Emsal Mahkeme Kararı İstanbul Bölge Adliye Mahkemesi 13. Hukuk Dairesi 2021/1698 E. 2022/199 K. 10.02.2022 T.

Görüntülediğiniz mahkeme kararı henüz kesinleşmemiştir. Yararlı olması amacıyla eklenmiştir.

T.C.
İSTANBUL
BÖLGE ADLİYE MAHKEMESİ
13. HUKUK DAİRESİ
DOSYA NO: 2021/1698 Esas
KARAR NO: 2022/199 Karar
T Ü R K M İ L L E T İ A D I N A
B Ö L G E A D L İ Y E M A H K E M E S İ K A R A R I
İNCELENEN KARARIN
MAHKEMESİ: İSTANBUL ANADOLU 5. ASLİYE TİCARET MAHKEMESİ
NUMARASI: 2016/1375 Esas – 2021/265 Karar
TARİH: 09/03/2021
DAVA: Alacak ( Ticari Satımdan Kaynaklı)
KARAR TARİHİ: 10/02/202
İlk derece Mahkemesinde yapılan inceleme sonucunda verilen karara karşı istinaf kanun yoluna başvurulmuş olmakla dava dosyası incelendi:
TARAFLARIN İDDİA VE SAVUNMASININ ÖZETİ: Davacı vekili, 05.12.2011 tarihinde müvekkilinin 10 adet … dolabını 3.836,70 Euro ya satın aldığını, ayrıca satışta teslimat şartları olarak … olarak belirlenmiş olup hukuken mecbur olmadığı halde 200 Euro Nakliyat ücreti ve 155 Euro taşımacılık için sigorta bedelinin de müvekkilince ödendiğini, davalı yetkililerinin ise bedel ödendiği halde uluslararası nakliyat için taşıma sırasında malların kayıp ve hasarı için deniz sigortası yaptırmadıklarını, davalının satın alınan emtiayı 21.12.2011 tarihinde …ltd. aracılığıyla gönderdiğini, emtianın 12.01.2012 tarihinde Hamburg Limanına intikal ettiğini, müvekkilinin emtianın gümrüklenmesi ve emtianın şirketine nakliyatı işlemi ile vazifelendirdiği … şirketinin 12.01.2012 tarihli yazılarında deniz nakliyatı esnasında emtianın hasar gördüğünü müvekkiline bildirdiklerini, 13.01.2012 tarihinde müvekkilinin davalıya emtianın hasarlı geldiğini bildirerek emtianın iadesi ve zararın karşılanmasını talep ettiğini, davalıdan herhangi bir olumlu yanıt gelmediğini, 18.01.2012 tarihinde hasar tespiti yapıldığını ve hasar tespiti raporunun davalıya gönderildiğini, emtianın satılamayacak şekilde hasarlandığını, davacının nakliyat sigortası bedelini davalıya havale ettiği halde davalının nakliyat sigortasını yaptırmadığından bütün zararları karşılamakla yükümlü olduğunu ileri sürerek davalının ayıplı malları iade alarak uğranılan zararın tazmin edilmesine, malın bedeli, navlun bedeli, uluslararası transport, gümrükleme, vergi ve nakliyat, bilirkişi ücreti ve depo kirasından oluşan 8.464,17-Euronun faizi ile birlikte davalıdan tahsiline, her ay ödenen 120,00 Euro depo kirasının dava sonuçlanma aşamasında değerlendirilmesine karar verilmesini talep ve dava etmiştir.

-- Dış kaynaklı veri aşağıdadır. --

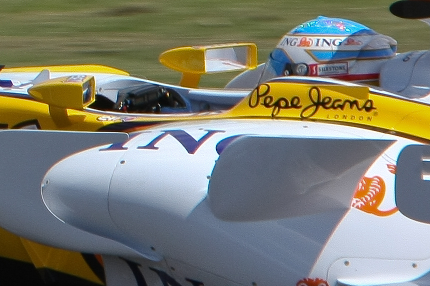 Fernando Alonso driving for Renault F1 at the 2008 British Grand Prix.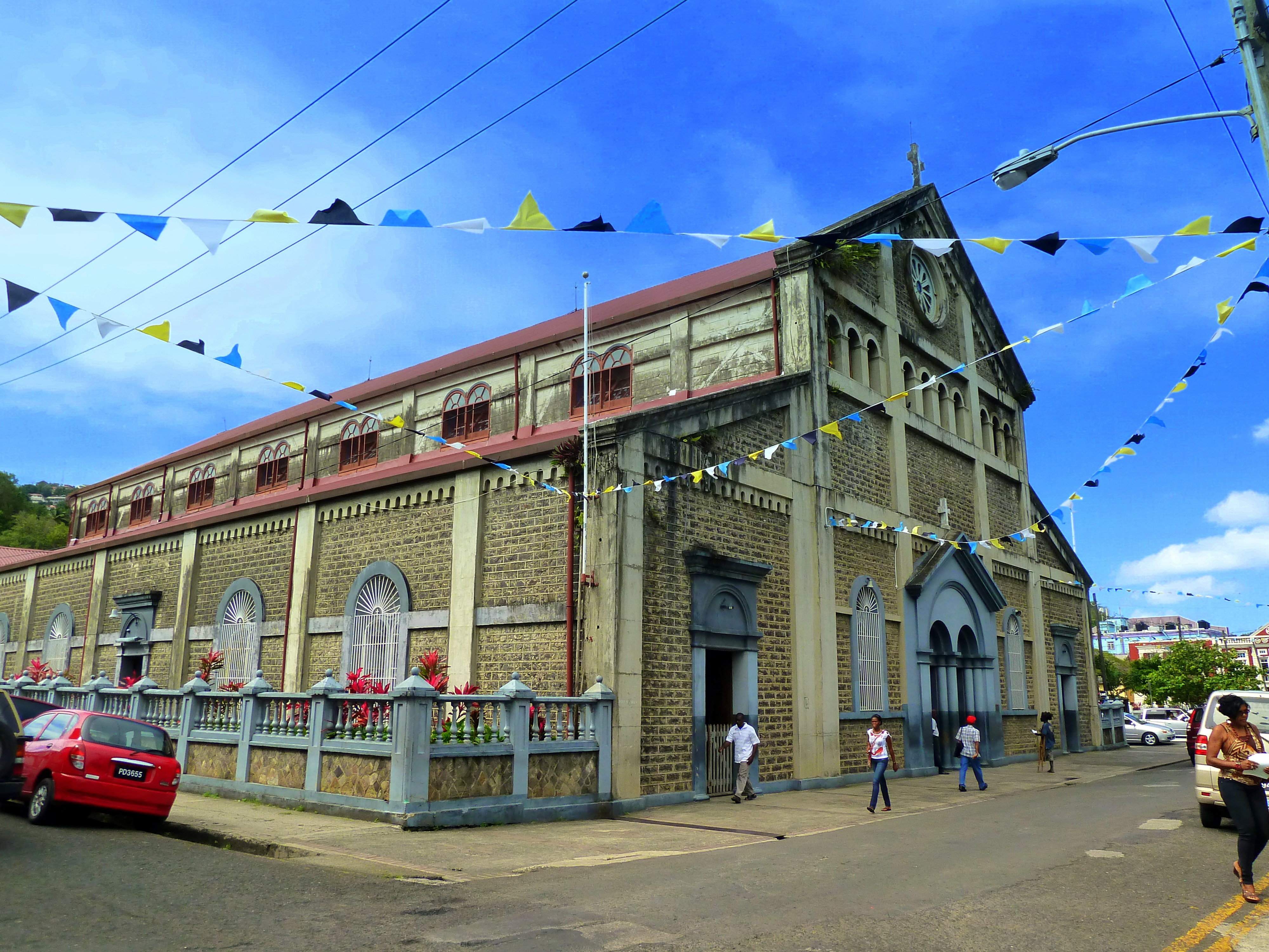 Castries - Cathedral Basilica of the Immaculate Conception

Davalı vekili, Davalının davacıya gönderdiği banyo dolaplarının davacının siparişine uygun olarak 21.12.2011 tarihinde gönderildiğini, yasal sürede gerekli muayene ve ayıp ihbarının yapılmadığını, konişmentoda malın “…” malin yüklenici tarafından istif edilmiş, yüklenmiş sayılacağının kararlaştırıldığı, davanın taşıma şirketi olan … Denizcilik’e ihbar edilmesini talep ettiklerini, ayrıca davacının bu malları mahrece iade etmeyerek malların gümrük işlemlerini gerçekleştirip vergilerini, nakliye ve depo masraflarını ödeyerek malların ithalatını gerçekleştirmesinin hayatın olağan akışına aykırı olduğunu, hasarın hangi aşamada meydana geldiğinin ispatının gerektiğini savunarak davanın reddini istemiştir.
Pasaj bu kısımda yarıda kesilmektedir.